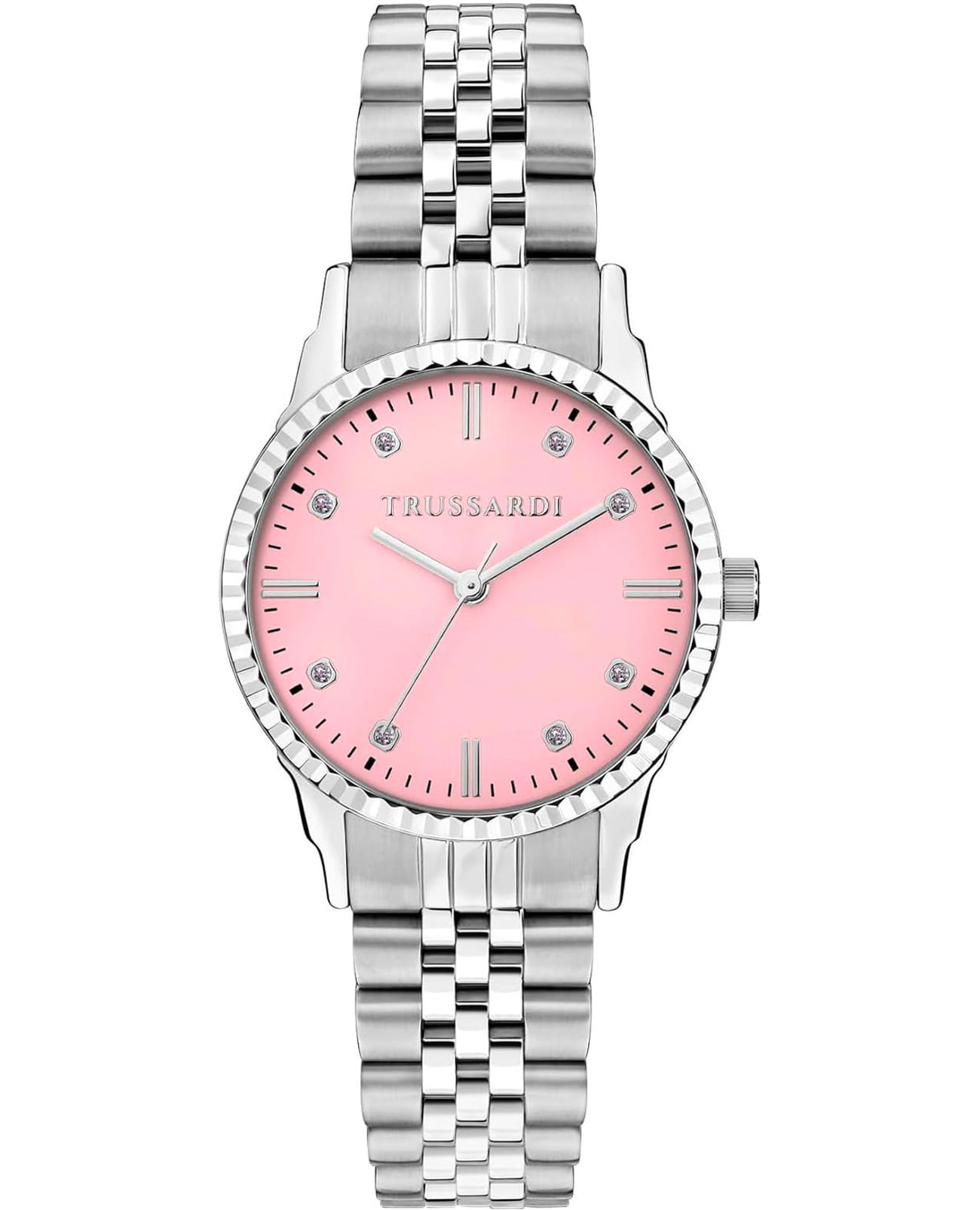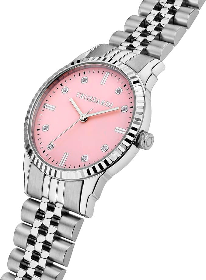 Итальянские женские часы Trussardi T-Bent R2453144510 - это стильный женский аксессуар, который сочетает элегантный дизайн и практичность. Корпус выполнен из нержавеющей стали, что обеспечивает долговечность и утончённый внешний вид. БезельБезельВнешний ободок, закрепляющий стекло. В спортивных часах так называется поворотное кольцо с делениями на циферблате, выполняет роль таймера – замеряет отрезки времени на шкале. Неподвижный безель – элемент декора. Однонаправленно вращающийся безель на дайверских часах позволяет фиксировать моменты погружения и выныривания на поверхность. с алмазной гранью. Надежное минеральное стеклоМинеральное стеклоМинеральное стекло представляет собой искусственно выращенный минерал кварца. Такое стекло отличается особой устойчивостью к повреждениям и царапинам. Уступает по некоторым качествам сапфировому стеклу. защищает циферблат с кристаллами от царапин и обеспечивает долговечность. Модель оснащена кварцевым механизмом, обеспечивающим высокую точность хода. Браслет из нержавеющей стали на раскладной застёжкеРаскладная застёжкаТакой тип застёжки используется только на браслетах из металла. Она никогда не раскрывается полностью, происходит разделение на 2 и более частей. Раскладывающая застёжка снизит вероятность потери часов к минимуму. обеспечивает комфортное ношение. Водозащита 50 метров позволит защитить корпус от случайных брызг или капель дождя. Эта модель – отличный выбор для тех, кто ищет сочетание стиля, качества и функциональности. Часы станут не только полезным аксессуаром, но и выразительным элементом вашего имиджа.
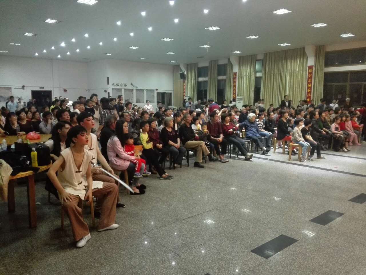 16日晚18:30,“剿灭劣V类水”专题文艺巡演在翁方村文化礼堂准时开始,一支华丽的踢踏舞“格里的旋转”拉开了本场文艺巡演的序幕,接着戏曲、声乐、舞蹈、小品等节目陆续上场,精彩的表演引来村民阵阵掌声,大家乐开了花。歌曲《鹿港小镇》唤起人们对原生态居住环境的回忆,“听说他们挖走了家乡的红砖砌上了水泥墙,家乡的人们得到他们想要的却又失去他们拥有的……”;歌曲《多情的土地》吟唱着美丽的山水,勾起游子对家乡的挚爱,“我轻轻地走过这山路小溪,这山路小溪,捧起黝黑的家乡泥土,仿佛捧起理想和希冀……”。在演出间隙,演员和主持人通过与台下观众互动,进行剿灭劣V类水动员和宣传,起到了良好的效果。期间,在村领导的带领下,演出队伍还参观了翁方村家园馆,了解了河姆渡文化和村史,给浙艺的学生们上了一堂极有意义的历史课。
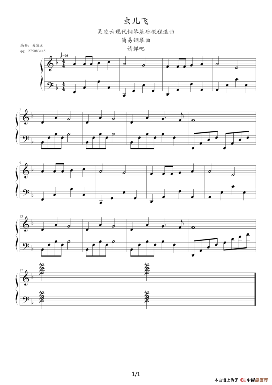 虫儿飞 钢琴谱(吴凌云编曲、简易版),虫儿飞简谱"
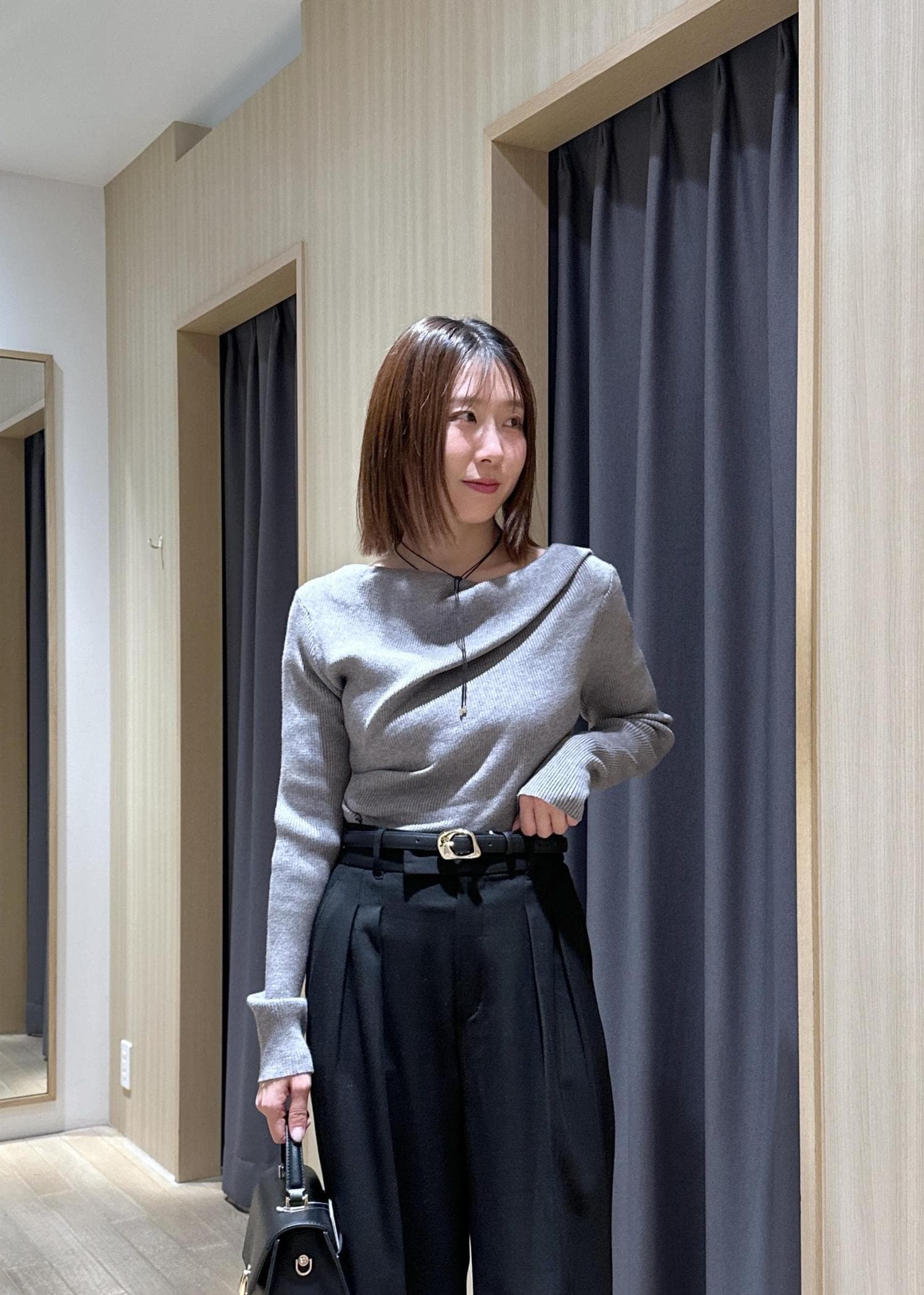 デコルテがきれいに見えるデザインですが、開きはそこまでないので安心感もあり、ON/OFF使いやすいです! -

-- WHAT YOU WILL DO --
Leaving out the images, repeat the listing above exactly.

-- REPLY TO THE EXERCISE --
 Итальянские женские часы Trussardi T-Bent R2453144510 - это стильный женский аксессуар, который сочетает элегантный дизайн и практичность. Корпус выполнен из нержавеющей стали, что обеспечивает долговечность и утончённый внешний вид. БезельБезельВнешний ободок, закрепляющий стекло. В спортивных часах так называется поворотное кольцо с делениями на циферблате, выполняет роль таймера – замеряет отрезки времени на шкале. Неподвижный безель – элемент декора. Однонаправленно вращающийся безель на дайверских часах позволяет фиксировать моменты погружения и выныривания на поверхность. с алмазной гранью. Надежное минеральное стеклоМинеральное стеклоМинеральное стекло представляет собой искусственно выращенный минерал кварца. Такое стекло отличается особой устойчивостью к повреждениям и царапинам. Уступает по некоторым качествам сапфировому стеклу. защищает циферблат с кристаллами от царапин и обеспечивает долговечность. Модель оснащена кварцевым механизмом, обеспечивающим высокую точность хода. Браслет из нержавеющей стали на раскладной застёжкеРаскладная застёжкаТакой тип застёжки используется только на браслетах из металла. Она никогда не раскрывается полностью, происходит разделение на 2 и более частей. Раскладывающая застёжка снизит вероятность потери часов к минимуму. обеспечивает комфортное ношение. Водозащита 50 метров позволит защитить корпус от случайных брызг или капель дождя. Эта модель – отличный выбор для тех, кто ищет сочетание стиля, качества и функциональности. Часы станут не только полезным аксессуаром, но и выразительным элементом вашего имиджа.
 16日晚18:30,“剿灭劣V类水”专题文艺巡演在翁方村文化礼堂准时开始,一支华丽的踢踏舞“格里的旋转”拉开了本场文艺巡演的序幕,接着戏曲、声乐、舞蹈、小品等节目陆续上场,精彩的表演引来村民阵阵掌声,大家乐开了花。歌曲《鹿港小镇》唤起人们对原生态居住环境的回忆,“听说他们挖走了家乡的红砖砌上了水泥墙,家乡的人们得到他们想要的却又失去他们拥有的……”;歌曲《多情的土地》吟唱着美丽的山水,勾起游子对家乡的挚爱,“我轻轻地走过这山路小溪,这山路小溪,捧起黝黑的家乡泥土,仿佛捧起理想和希冀……”。在演出间隙,演员和主持人通过与台下观众互动,进行剿灭劣V类水动员和宣传,起到了良好的效果。期间,在村领导的带领下,演出队伍还参观了翁方村家园馆,了解了河姆渡文化和村史,给浙艺的学生们上了一堂极有意义的历史课。
 虫儿飞 钢琴谱(吴凌云编曲、简易版),虫儿飞简谱"
 デコルテがきれいに見えるデザインですが、開きはそこまでないので安心感もあり、ON/OFF使いやすいです! -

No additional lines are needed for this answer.